__Work instruction__: Within the data that follows, set down exactly the lines from the one containing "Вертикальные жалюзи и" through the one containing "Womens/Ladies Harlow Glitter", both ends included.

__Data provided__:
BEGIN

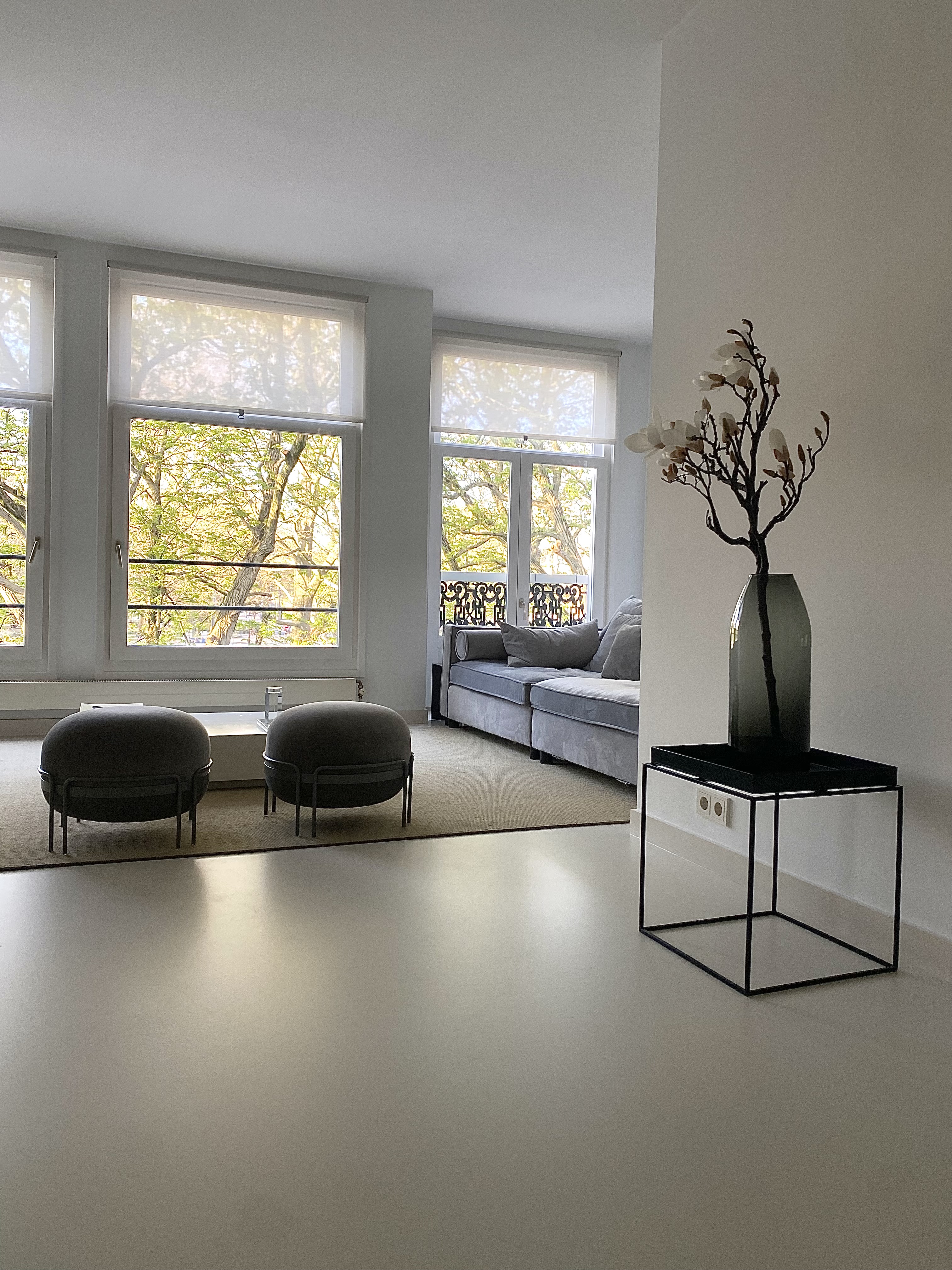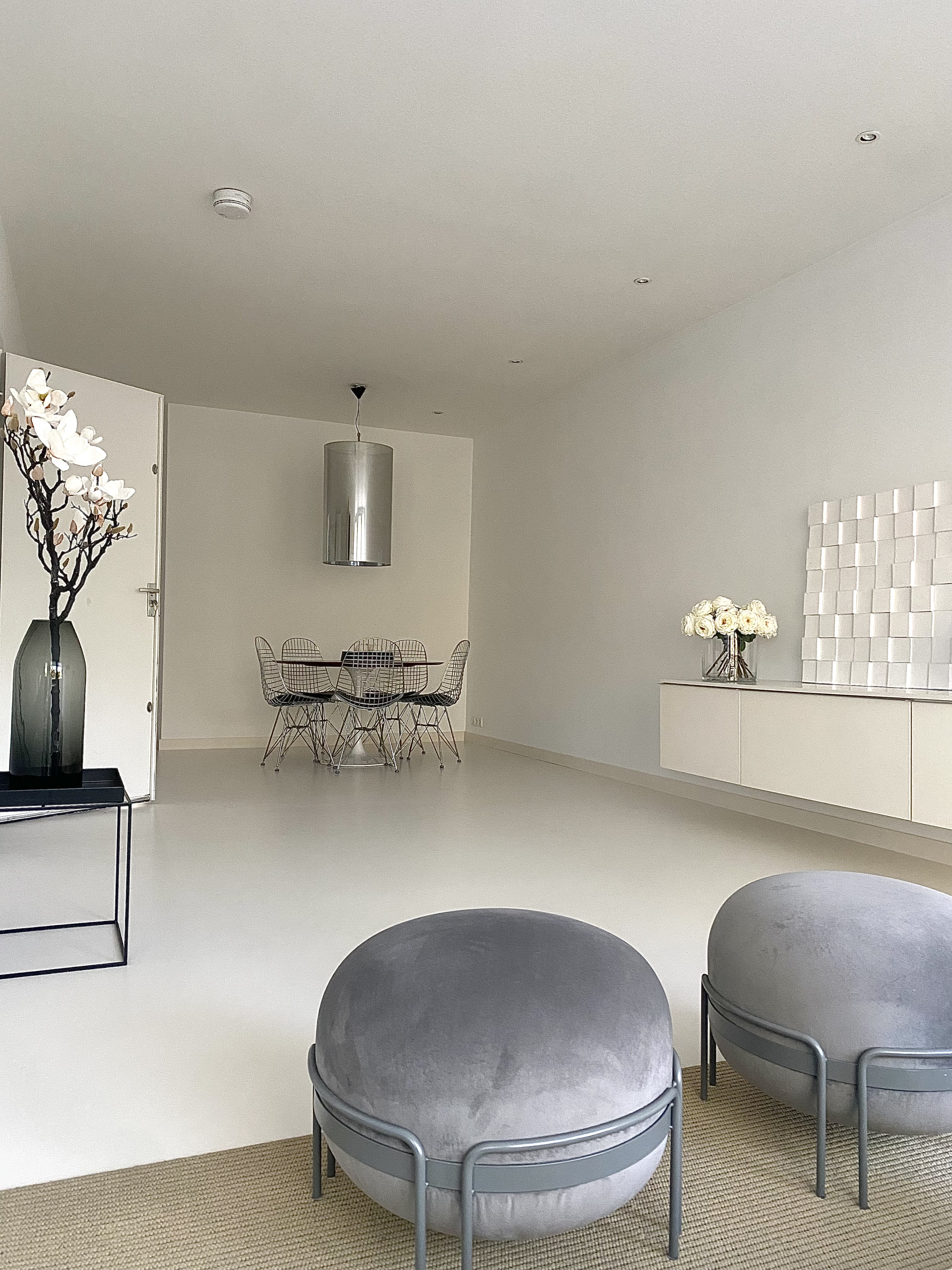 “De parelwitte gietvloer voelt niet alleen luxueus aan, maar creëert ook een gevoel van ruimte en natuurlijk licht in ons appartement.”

END
BEGIN

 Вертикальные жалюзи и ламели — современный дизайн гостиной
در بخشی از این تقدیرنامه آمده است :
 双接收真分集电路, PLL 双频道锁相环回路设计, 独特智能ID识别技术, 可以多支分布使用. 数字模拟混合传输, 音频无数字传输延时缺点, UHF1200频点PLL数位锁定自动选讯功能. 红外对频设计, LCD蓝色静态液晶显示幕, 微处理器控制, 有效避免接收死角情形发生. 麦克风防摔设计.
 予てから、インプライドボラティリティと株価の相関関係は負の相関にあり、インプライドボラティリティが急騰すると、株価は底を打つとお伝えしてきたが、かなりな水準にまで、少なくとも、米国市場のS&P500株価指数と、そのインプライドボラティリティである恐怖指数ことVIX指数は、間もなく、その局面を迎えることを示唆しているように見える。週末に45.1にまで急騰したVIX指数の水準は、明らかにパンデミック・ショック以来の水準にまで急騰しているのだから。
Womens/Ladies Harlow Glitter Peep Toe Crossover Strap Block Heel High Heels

END
BEGIN

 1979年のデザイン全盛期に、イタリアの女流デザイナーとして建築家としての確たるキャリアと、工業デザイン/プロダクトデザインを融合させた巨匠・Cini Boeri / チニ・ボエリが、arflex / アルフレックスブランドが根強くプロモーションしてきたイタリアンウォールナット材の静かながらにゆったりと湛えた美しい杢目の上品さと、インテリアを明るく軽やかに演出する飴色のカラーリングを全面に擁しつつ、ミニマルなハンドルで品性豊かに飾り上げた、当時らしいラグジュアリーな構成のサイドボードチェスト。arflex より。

END

__Worked solution__:
 Вертикальные жалюзи и ламели — современный дизайн гостиной
در بخشی از این تقدیرنامه آمده است :
 双接收真分集电路, PLL 双频道锁相环回路设计, 独特智能ID识别技术, 可以多支分布使用. 数字模拟混合传输, 音频无数字传输延时缺点, UHF1200频点PLL数位锁定自动选讯功能. 红外对频设计, LCD蓝色静态液晶显示幕, 微处理器控制, 有效避免接收死角情形发生. 麦克风防摔设计.
 予てから、インプライドボラティリティと株価の相関関係は負の相関にあり、インプライドボラティリティが急騰すると、株価は底を打つとお伝えしてきたが、かなりな水準にまで、少なくとも、米国市場のS&P500株価指数と、そのインプライドボラティリティである恐怖指数ことVIX指数は、間もなく、その局面を迎えることを示唆しているように見える。週末に45.1にまで急騰したVIX指数の水準は、明らかにパンデミック・ショック以来の水準にまで急騰しているのだから。
Womens/Ladies Harlow Glitter Peep Toe Crossover Strap Block Heel High Heels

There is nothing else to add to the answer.